● Work request
Extract, in full, the lines below, beginning at the first and ending with the line that contains "Keep the settings: Replace". Pictures do not belong in the copy.

● Provided data
'''

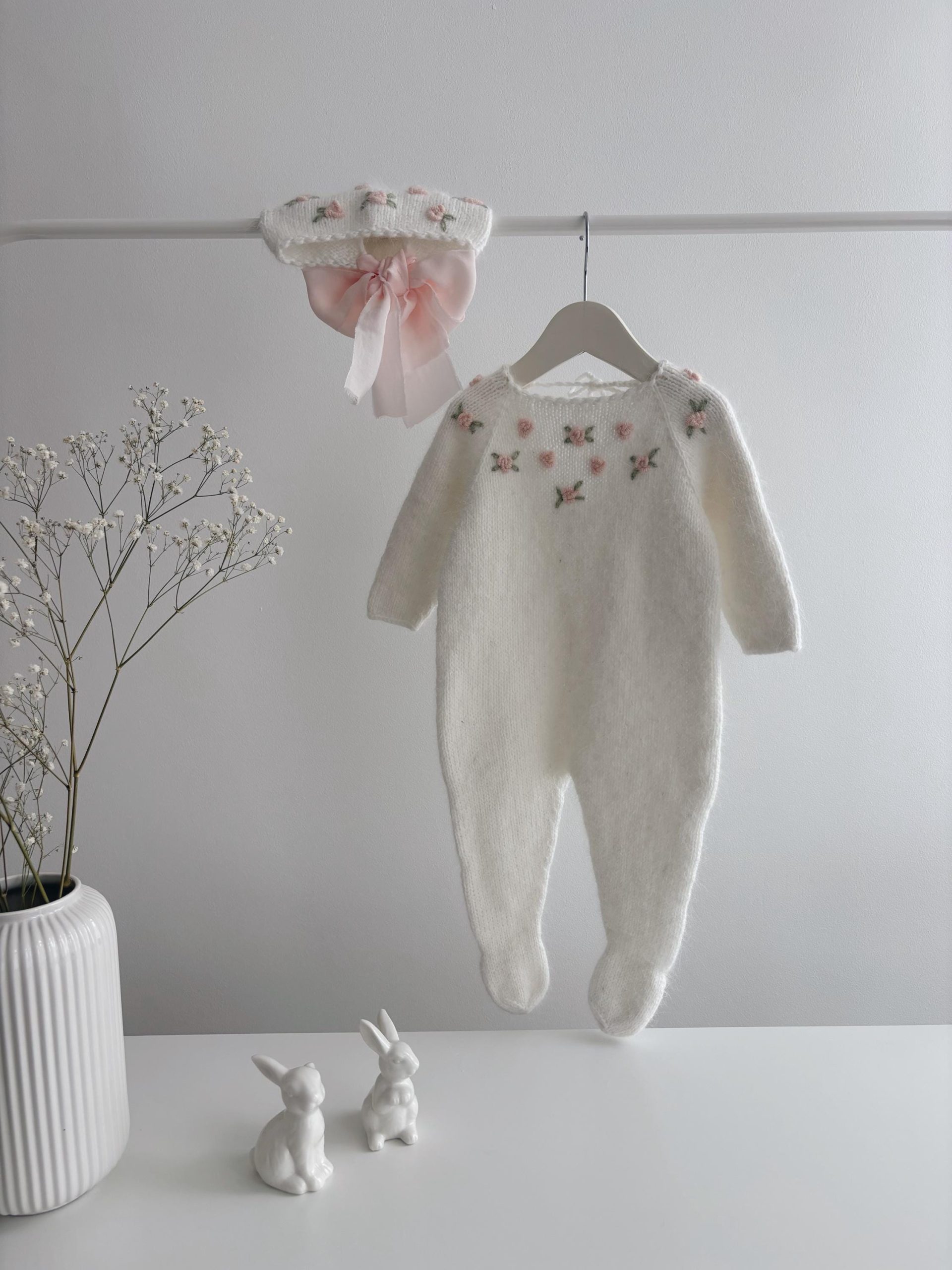 Hand Knitted Baby Alpaca Romper and Bonnet Set – Cream Popcorn Knit
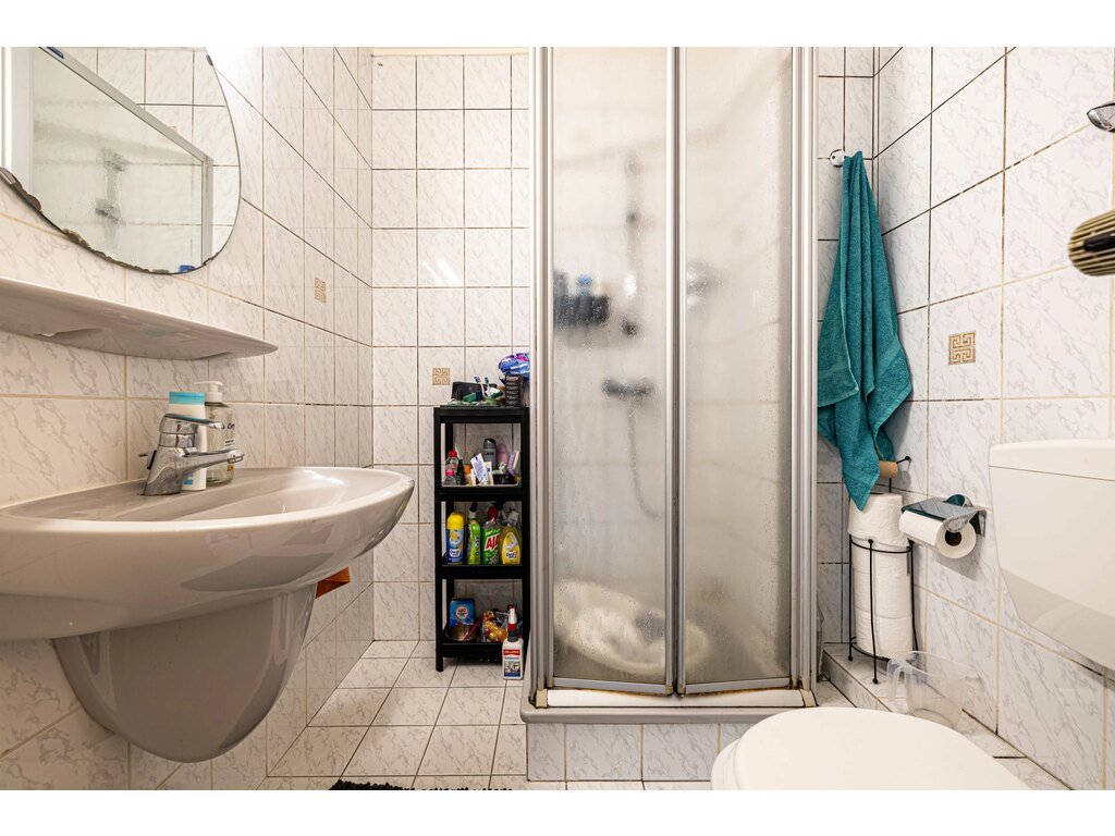 - Salle de douche avec lavabo et toilette
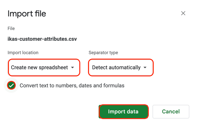 Keep the settings: Replace spreadsheet, Detect automatically, and check Convert text to numbers, dates, and formulas. Click Import data.
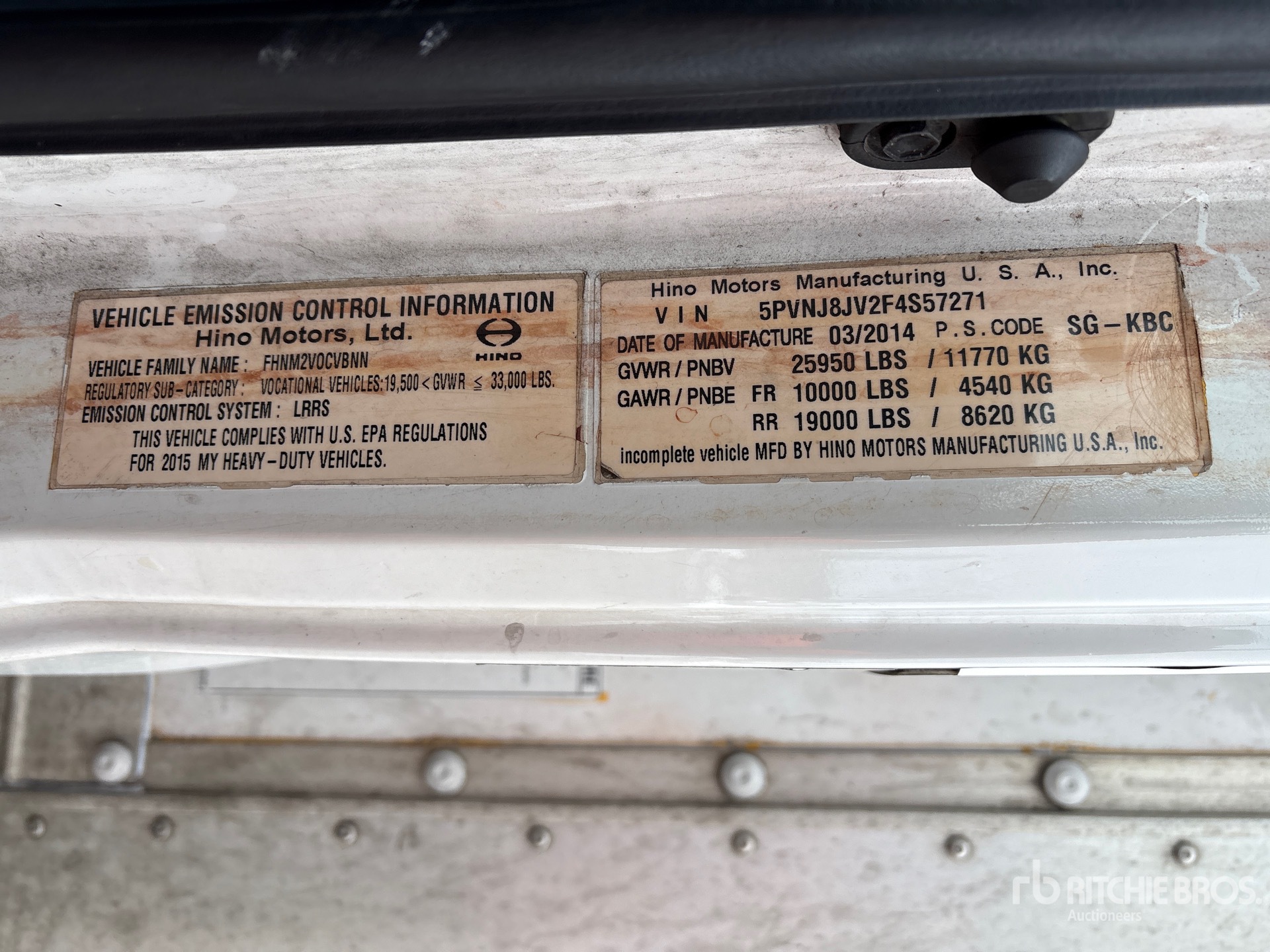 The detailed equipment information is limited in scope, and Ritchie Bros. Auctioneers has not inspected any aspects or components of the equipment other than those expressly set forth herein. Unless expressly stated, we make no representations or warranties, express or implied, concerning the equipment or its components, including without limitation any representations or warranties concerning functionality, conformity or compliance with any safety standard or requirement of any applicable authority or regulatory body, fitness for any particular purpose, or merchantability. You are strongly advised to perform your own detailed inspection of the equipment prior to bidding.

'''

● Response
 Hand Knitted Baby Alpaca Romper and Bonnet Set – Cream Popcorn Knit
 - Salle de douche avec lavabo et toilette
 Keep the settings: Replace spreadsheet, Detect automatically, and check Convert text to numbers, dates, and formulas. Click Import data.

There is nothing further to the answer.